Top of Exercise data

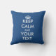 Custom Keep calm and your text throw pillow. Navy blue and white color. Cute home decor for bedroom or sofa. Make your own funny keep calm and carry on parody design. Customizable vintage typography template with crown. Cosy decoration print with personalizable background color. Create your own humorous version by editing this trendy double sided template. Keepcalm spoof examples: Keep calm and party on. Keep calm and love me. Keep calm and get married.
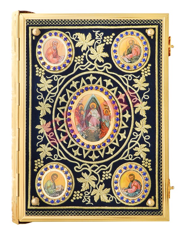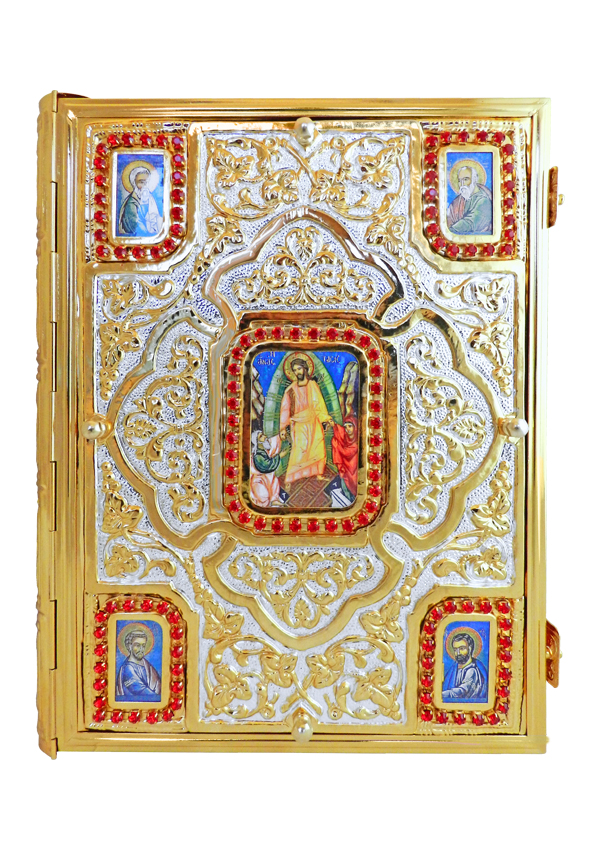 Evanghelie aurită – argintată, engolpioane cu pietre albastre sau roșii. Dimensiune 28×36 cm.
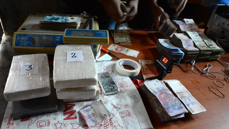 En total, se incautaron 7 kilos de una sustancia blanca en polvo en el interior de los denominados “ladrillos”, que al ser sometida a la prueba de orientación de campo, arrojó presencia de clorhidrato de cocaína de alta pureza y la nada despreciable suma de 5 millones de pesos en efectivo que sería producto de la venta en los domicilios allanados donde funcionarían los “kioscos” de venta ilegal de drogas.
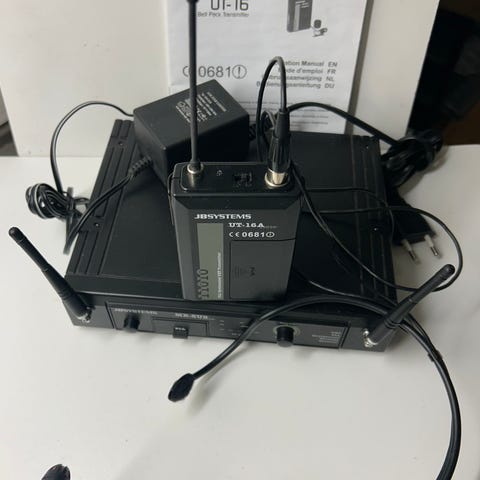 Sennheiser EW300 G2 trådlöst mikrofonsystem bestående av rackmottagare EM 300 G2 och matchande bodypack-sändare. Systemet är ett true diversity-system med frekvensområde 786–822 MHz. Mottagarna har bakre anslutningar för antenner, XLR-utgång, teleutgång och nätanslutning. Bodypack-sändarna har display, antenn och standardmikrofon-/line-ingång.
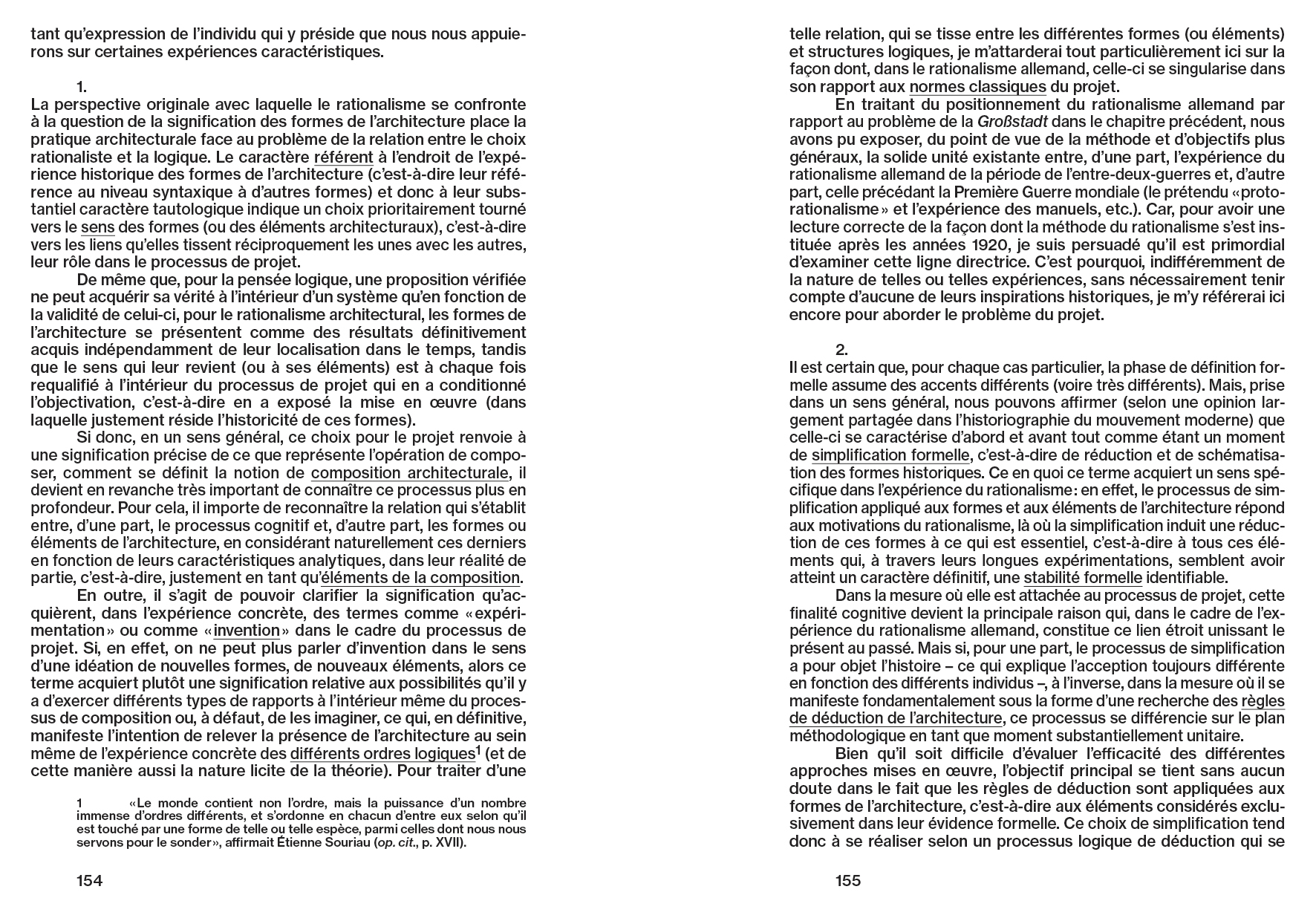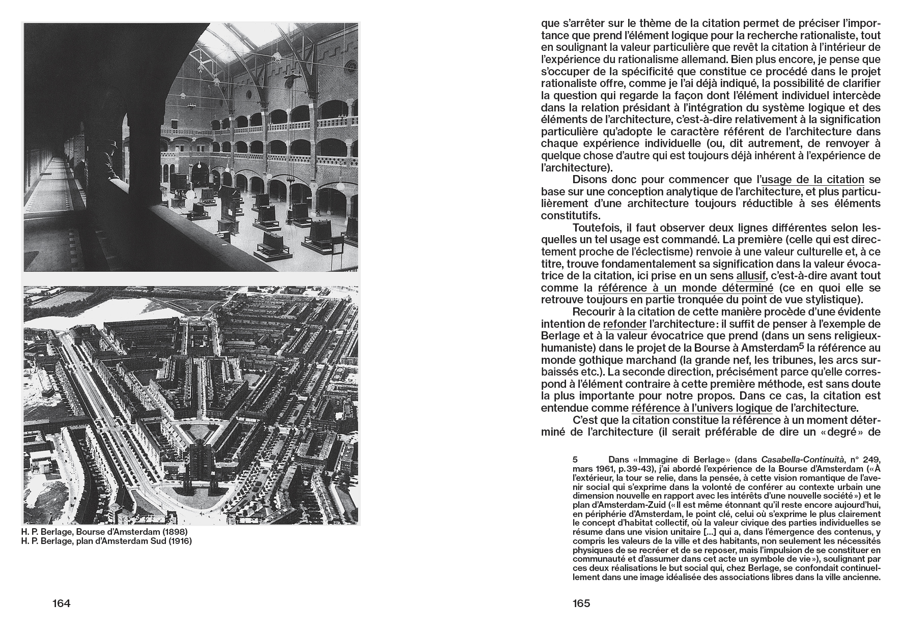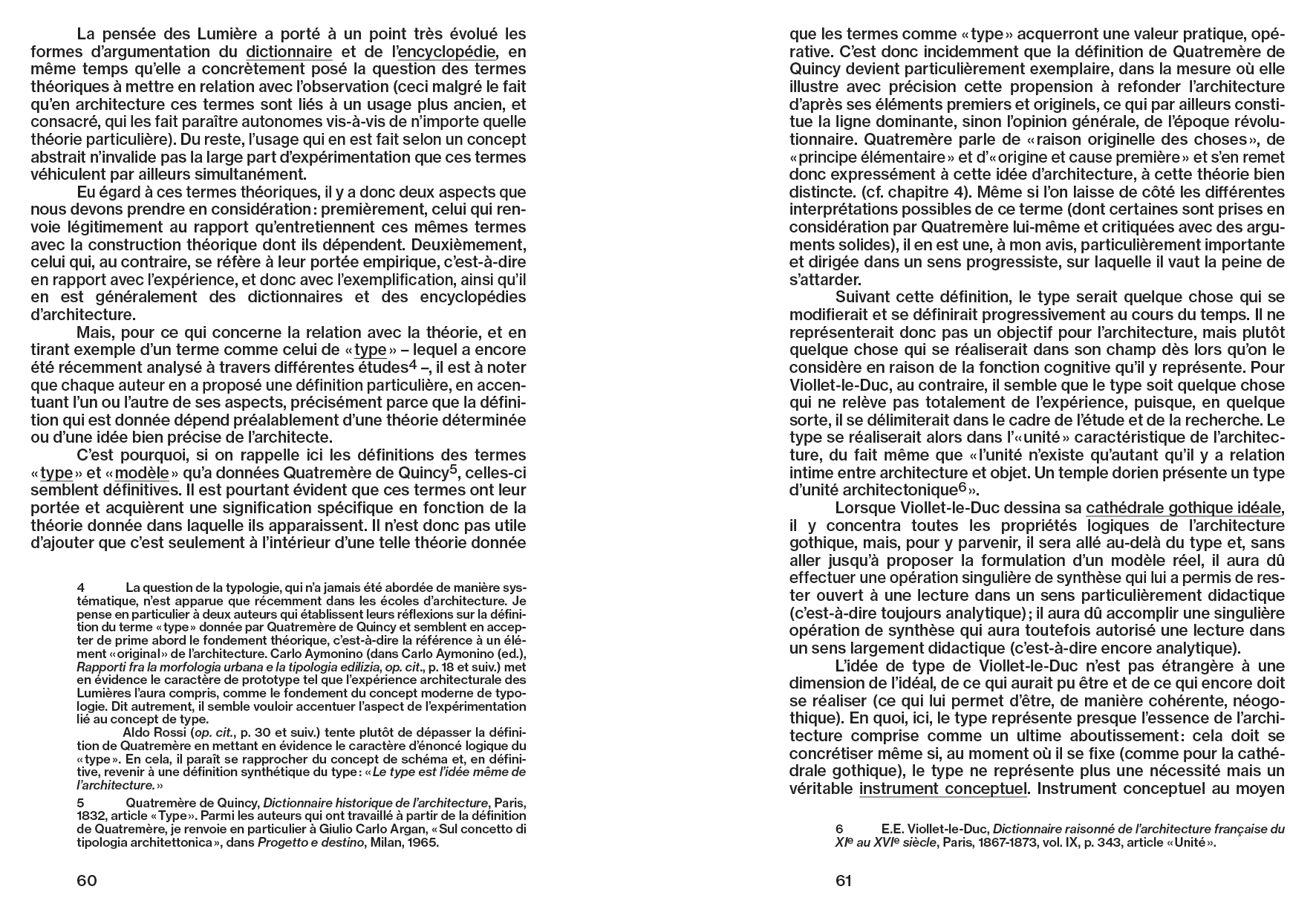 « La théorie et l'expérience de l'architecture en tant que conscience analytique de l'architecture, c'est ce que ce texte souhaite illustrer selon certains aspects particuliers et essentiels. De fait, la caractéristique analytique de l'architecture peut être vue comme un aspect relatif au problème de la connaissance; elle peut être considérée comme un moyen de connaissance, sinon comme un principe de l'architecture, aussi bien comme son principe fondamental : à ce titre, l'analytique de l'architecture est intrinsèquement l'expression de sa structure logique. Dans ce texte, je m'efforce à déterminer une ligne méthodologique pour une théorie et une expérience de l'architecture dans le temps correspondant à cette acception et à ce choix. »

Bottom of Exercise data
Top of Exercise data

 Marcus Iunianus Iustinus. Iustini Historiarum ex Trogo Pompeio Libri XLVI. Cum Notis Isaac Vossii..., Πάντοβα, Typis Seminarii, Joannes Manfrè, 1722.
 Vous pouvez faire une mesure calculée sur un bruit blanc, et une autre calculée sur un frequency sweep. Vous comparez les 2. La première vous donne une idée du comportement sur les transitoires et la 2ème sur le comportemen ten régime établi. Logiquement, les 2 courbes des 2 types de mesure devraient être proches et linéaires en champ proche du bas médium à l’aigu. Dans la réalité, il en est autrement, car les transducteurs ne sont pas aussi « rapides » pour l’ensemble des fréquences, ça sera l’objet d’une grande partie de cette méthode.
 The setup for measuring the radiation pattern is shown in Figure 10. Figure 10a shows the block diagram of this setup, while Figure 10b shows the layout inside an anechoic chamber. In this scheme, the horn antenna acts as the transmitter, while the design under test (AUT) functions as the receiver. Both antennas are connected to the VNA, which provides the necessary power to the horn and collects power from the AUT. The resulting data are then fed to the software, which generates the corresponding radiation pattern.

Bottom of Exercise data

In the records above, copy exactly everything from the line that has "En total, se" down to the line that has "Sennheiser EW300 G2", both ends included, and leave out the pictures.

 En total, se incautaron 7 kilos de una sustancia blanca en polvo en el interior de los denominados “ladrillos”, que al ser sometida a la prueba de orientación de campo, arrojó presencia de clorhidrato de cocaína de alta pureza y la nada despreciable suma de 5 millones de pesos en efectivo que sería producto de la venta en los domicilios allanados donde funcionarían los “kioscos” de venta ilegal de drogas.
 Sennheiser EW300 G2 trådlöst mikrofonsystem bestående av rackmottagare EM 300 G2 och matchande bodypack-sändare. Systemet är ett true diversity-system med frekvensområde 786–822 MHz. Mottagarna har bakre anslutningar för antenner, XLR-utgång, teleutgång och nätanslutning. Bodypack-sändarna har display, antenn och standardmikrofon-/line-ingång.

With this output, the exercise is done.